Example Networked and Distributed Environments
[0048] One of ordinary skill in the art can appreciate that the
various embodiments and methods described herein can be implemented
in connection with any computer or other client or server device,
which can be deployed as part of a computer network or in a
distributed computing environment, and can be connected to any kind
of data store or stores. In this regard, the various embodiments
described herein can be implemented in any computer system or
environment having any number of memory or storage units, and any
number of applications and processes occurring across any number of
storage units. This includes, but is not limited to, an environment
with server computers and client computers deployed in a network
environment or a distributed computing environment, having remote
or local storage.
[0049] Distributed computing provides sharing of computer resources
and services by communicative exchange among computing devices and
systems. These resources and services include the exchange of
information, cache storage and disk storage for objects, such as
files. These resources and services also include the sharing of
processing power across multiple processing units for load
balancing, expansion of resources, specialization of processing,
and the like. Distributed computing takes advantage of network
connectivity, allowing clients to leverage their collective power
to benefit the entire enterprise. In this regard, a variety of
devices may have applications, objects or resources that may
participate in the resource management mechanisms as described for
various embodiments of the subject disclosure.

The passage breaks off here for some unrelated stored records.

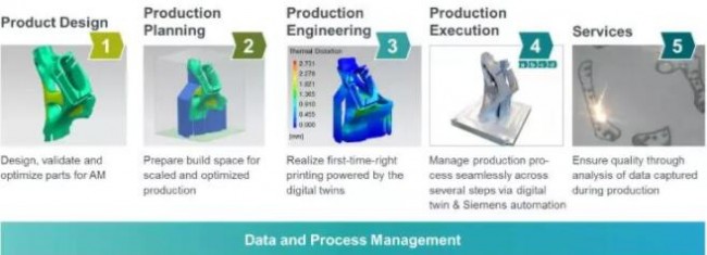 圖片:西門子產(chǎn)品設計與生產(chǎn)以及數(shù)據(jù)管理過程,用于3D打印-增材制造
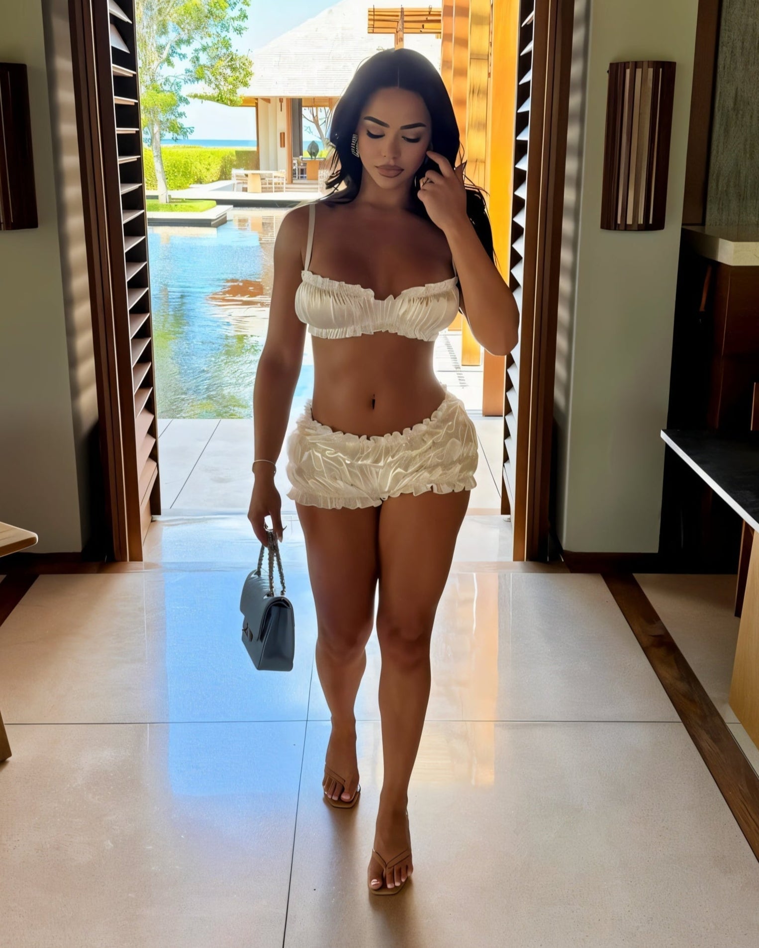The Eliana Set features a satin bralette with delicate ruffle trim and adjustable straps for a flattering, secure fit. Paired with high-waisted ruffle shorts, this set blends softness with structure in all the right places.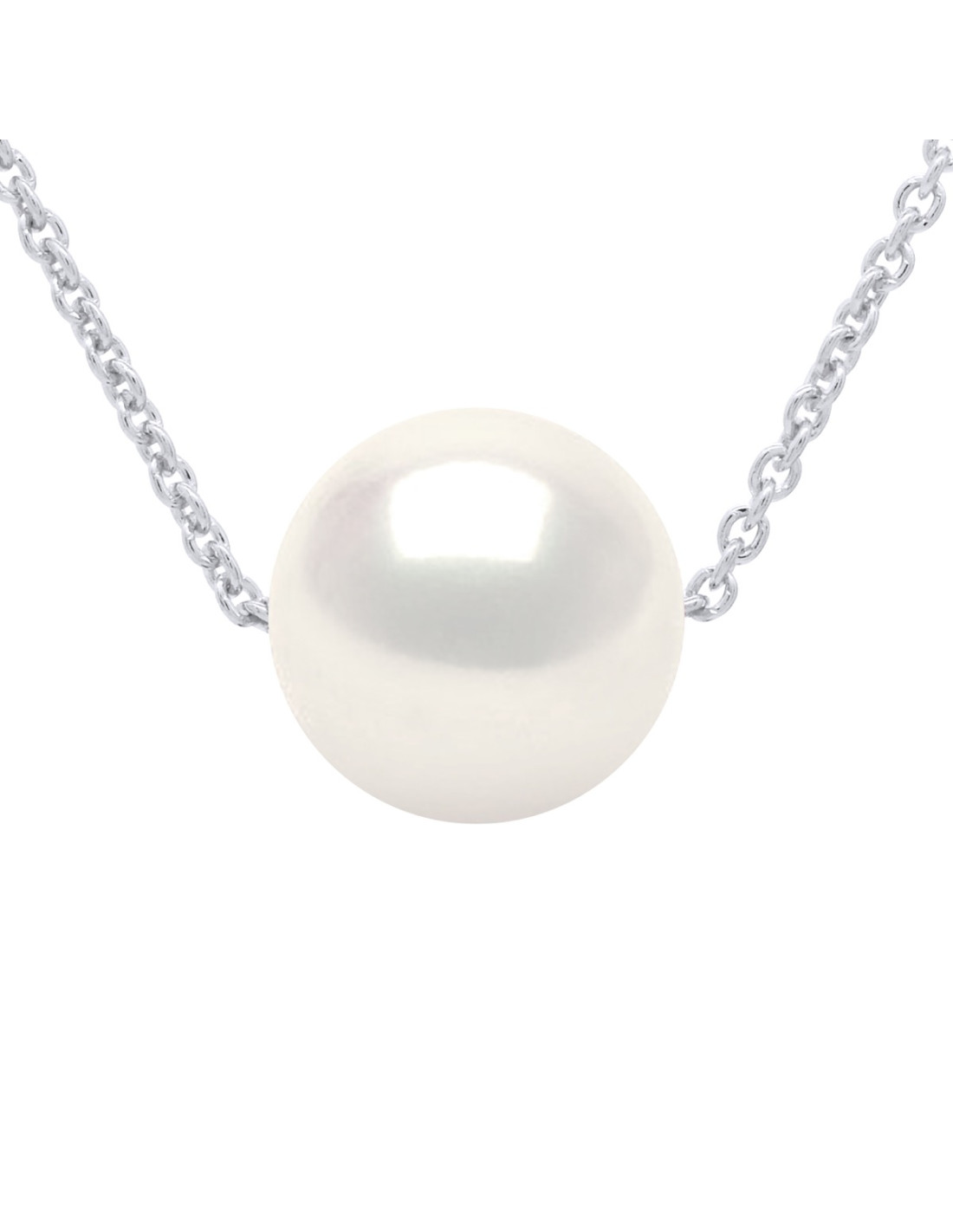 Collier Maille Forçat Argent Perle Eau Douce Traversante Ronde

[0050] FIG. 5 provides a schematic diagram of an example networked
or distributed computing environment. The distributed computing
environment comprises computing objects 510, 512, etc., and
computing objects or devices 520, 522, 524, 526, 528, etc., which
may include programs, methods, data stores, programmable logic,
etc. as represented by example applications 530, 532, 534, 536,
538. It can be appreciated that computing objects 510, 512, etc.
and computing objects or devices 520, 522, 524, 526, 528, etc. may
comprise different devices, such as personal digital assistants
(PDAs), audio/video devices, mobile phones, MP3 players, personal
computers, laptops, etc.
[0051] Each computing object 510, 512, etc. and computing objects
or devices 520, 522, 524, 526, 528, etc. can communicate with one
or more other computing objects 510, 512, etc. and computing
objects or devices 520, 522, 524, 526, 528, etc. by way of the
communications network 540, either directly or indirectly. Even
though illustrated as a single element in FIG. 5, communications
network 540 may comprise other computing objects and computing
devices that provide services to the system of FIG. 5, and/or may
represent multiple interconnected networks, which are not shown.

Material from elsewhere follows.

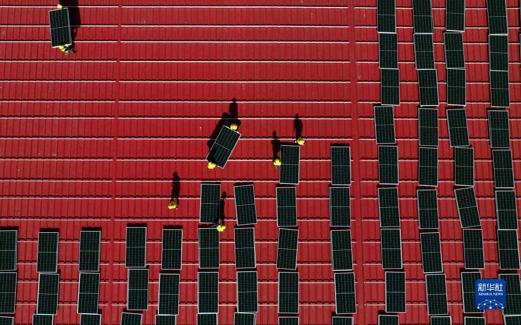 2022年10月11日,工人在河北省唐山市蘆臺經(jīng)濟開(kāi)發(fā)區一家企業(yè)廠(chǎng)房屋頂安裝光伏發(fā)電板(無(wú)人機照片)。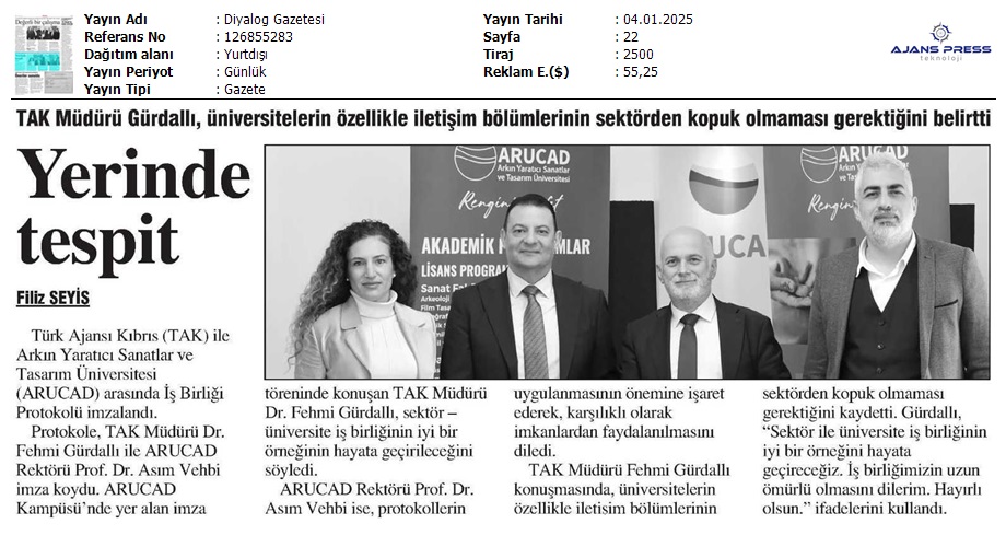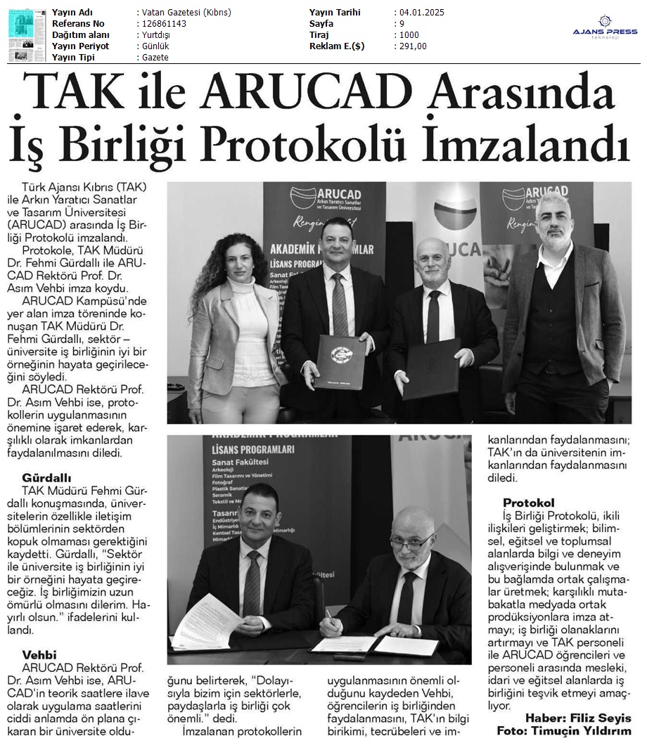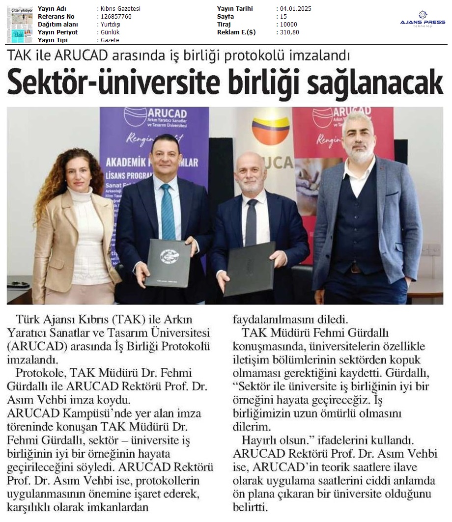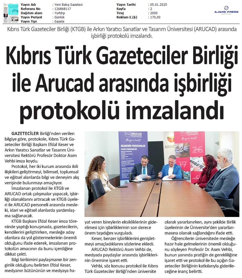 KIBRIS TÜRK GAZETECİLER BİRLİĞİ İLE ARUCAD ARASINDA İŞBİRLİĞİ PROTOKOLÜ İMZALANDI

Each computing object 510, 512, etc. or computing object or device
520, 522, 524, 526, 528, etc. can also contain an application, such
as applications 530, 532, 534, 536, 538, that might make use of an
API, or other object, software, firmware and/or hardware, suitable
for communication with or implementation of the application
provided in accordance with various embodiments of the subject
disclosure.
[0052] There are a variety of systems, components, and network
configurations that support distributed computing environments. For
example, computing systems can be connected together by wired or
wireless systems, by local networks or widely distributed networks.
Currently, many networks are coupled to the Internet, which
provides an infrastructure for widely distributed computing and
encompasses many different networks, though any network
infrastructure can be used for example communications made incident
to the systems as described in various embodiments.

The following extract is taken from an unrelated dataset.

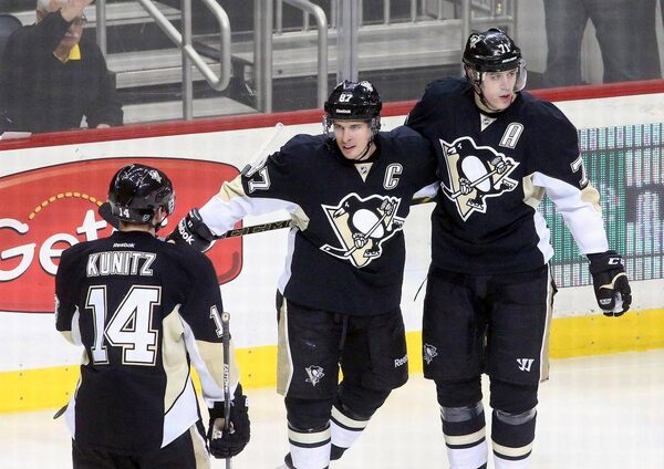 Pittsburgh Penguins left wing Chris Kunitz (14) and center Evgeni Malkin (71) celebrate a goal by center Sidney Crosby (87) against the Edmonton Oilers during the second period at the CONSOL Energy Center.Charles LeClaire

[0053] Thus, a host of network topologies and network
infrastructures, such as client/server, peer-to-peer, or hybrid
architectures, can be utilized. The "client" is a member of a class
or group that uses the services of another class or group to which
it is not related. A client can be a process, e.g., roughly a set
of instructions or tasks, that requests a service provided by
another program or process. The client process utilizes the
requested service without having to "know" any working details
about the other program or the service itself.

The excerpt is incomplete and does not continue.